Another interesting attempt to combine YOLO with detection transformer (DETR) [130] is the case of DEYO [137] comprising two stages: a YOLOv5-based model followed by a DETR-like model. The first stage generates high-quality query and anchors that input to the second stage. The results show a faster convergence time and better performance than DETR, achieving 52.1% AP in the COCO detection benchmark.

20 Discussion

This paper examined 16 YOLO versions, ranging from the original YOLO model to the most recent YOLO-NAS. Table 4 provides an overview of the YOLO versions discussed. From this table, we can identify several key patterns:
  • Anchors: The original YOLO model was relatively simple and did not employ anchors, while the state-of-theart relied on two-stage detectors with anchors. YOLOv2 incorporated anchors, leading to improvements in bounding box prediction accuracy. This trend persisted for five years until YOLOX introduced an anchor-less approach that achieved state-of-the-art results. Since then, subsequent YOLO versions have abandoned the use of anchors.
  • Framework: Initially, YOLO was developed using the Darknet framework, with subsequent versions following suit.
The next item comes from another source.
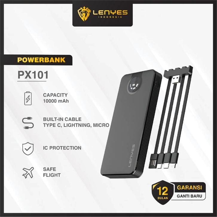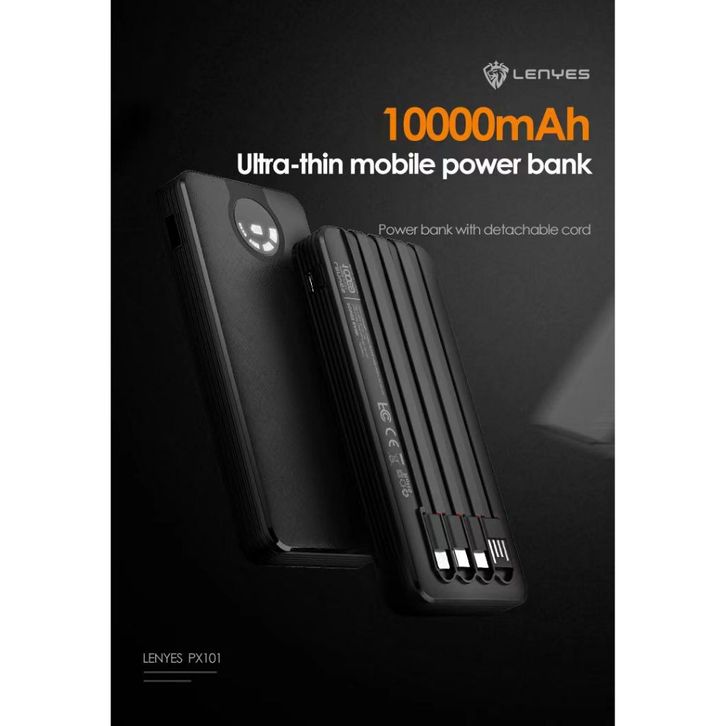powerbank fast charging LENYES PX101 Powerbank 10000mAh Mini Slim Portable With 3 Kabel Output Lightning Type C Micro P

However, when Ultralytics ported YOLOv3 to PyTorch, the remaining YOLO versions were developed using PyTorch, leading to a surge in enhancements. Another deep learning language utilized is PaddlePaddle, an open-source framework initially developed by Baidu.
  • Backbone: The backbone architectures of YOLO models have undergone significant changes over time. Starting with the Darknet architecture, which comprised simple convolutional and max pooling layers, later models incorporated cross-stage partial connections (CSP) in YOLOv4, reparameterization in YOLOv6 and YOLOv7, and neural architecture search in DAMO-YOLO and YOLO-NAS.
  • Performance: While the performance of YOLO models has improved over time, it is worth noting that they often prioritize balancing speed and accuracy rather than solely focusing on accuracy. This tradeoff is essential to the YOLO framework, allowing for real-time object detection across various applications.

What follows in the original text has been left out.